Fix Bug 73478: openssl_pkey_new() should not generate a new public/pr…

[mhagstrand]

…ivate key pair for DH when the private key is provided

Also DSA_generate_key cannot generate the public key from the private in php_openssl_pkey_init_dsa

[KalleZ]

cc @bukka

[bukka]

Unfortunately this is no longer supported in OpenSSL 1.1 so I'm not too keen to add just for 1.0 as it will create difference that we can't fix. Please see

https://github.com/openssl/openssl/blob/e2cefab06a9e1b8d9a21d030754f62dfbb199950/crypto/dh/dh_lib.c#L251

(you can't supply an empty public key).

The DH part won't set the key too in OpenSSL 1.1 for the the similar reason. So it would again lead to a different result.

[mhagstrand]

Yeah, that is really good point.
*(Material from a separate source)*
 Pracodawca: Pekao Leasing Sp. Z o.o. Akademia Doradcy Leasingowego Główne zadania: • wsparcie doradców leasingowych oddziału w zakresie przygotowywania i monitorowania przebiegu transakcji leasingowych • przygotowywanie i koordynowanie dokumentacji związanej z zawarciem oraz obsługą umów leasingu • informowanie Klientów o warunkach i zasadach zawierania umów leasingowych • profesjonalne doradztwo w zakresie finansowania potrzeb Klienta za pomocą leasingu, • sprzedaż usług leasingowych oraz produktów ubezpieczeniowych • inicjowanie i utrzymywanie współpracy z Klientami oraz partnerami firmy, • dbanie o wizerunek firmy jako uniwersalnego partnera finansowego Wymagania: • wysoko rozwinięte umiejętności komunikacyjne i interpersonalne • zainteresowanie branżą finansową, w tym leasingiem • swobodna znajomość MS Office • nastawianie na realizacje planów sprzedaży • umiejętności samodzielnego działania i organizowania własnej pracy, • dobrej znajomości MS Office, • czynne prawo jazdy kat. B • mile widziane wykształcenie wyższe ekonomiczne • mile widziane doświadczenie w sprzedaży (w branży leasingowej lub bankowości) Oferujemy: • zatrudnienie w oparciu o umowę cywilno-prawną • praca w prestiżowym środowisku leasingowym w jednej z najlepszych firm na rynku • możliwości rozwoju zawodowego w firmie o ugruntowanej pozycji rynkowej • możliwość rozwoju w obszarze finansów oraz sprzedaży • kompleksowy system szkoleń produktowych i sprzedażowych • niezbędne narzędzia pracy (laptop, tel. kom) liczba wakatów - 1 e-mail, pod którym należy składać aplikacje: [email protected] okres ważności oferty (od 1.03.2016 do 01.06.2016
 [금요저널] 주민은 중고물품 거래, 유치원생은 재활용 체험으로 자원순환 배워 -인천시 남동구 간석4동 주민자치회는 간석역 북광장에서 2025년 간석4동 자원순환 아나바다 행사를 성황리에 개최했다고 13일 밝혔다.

I didn't realize it would not work in OpenSSL 1.1. I'm going to close this PR. Thanks

[ezimuel]

@bukka this will introduce a BC break for people using PHP 7.1 and OpenSSL 1.0.x. For instance, Ubuntu 16 offers OpenSSL 1.0.2g as default. I think we should trigger a warning or a deprecation notice if someone will pass a priv_key in dh parameter for openssl_pkey_new(). Basically, the Diffie Hellman keys can be generated only with g (generator) and p (prime) parameters, starting from PHP 7.1.

[bukka]

@ezimuel I put together #2208 which seems to work fine with OpenSSL 1.1 but needs more testing on lower versions.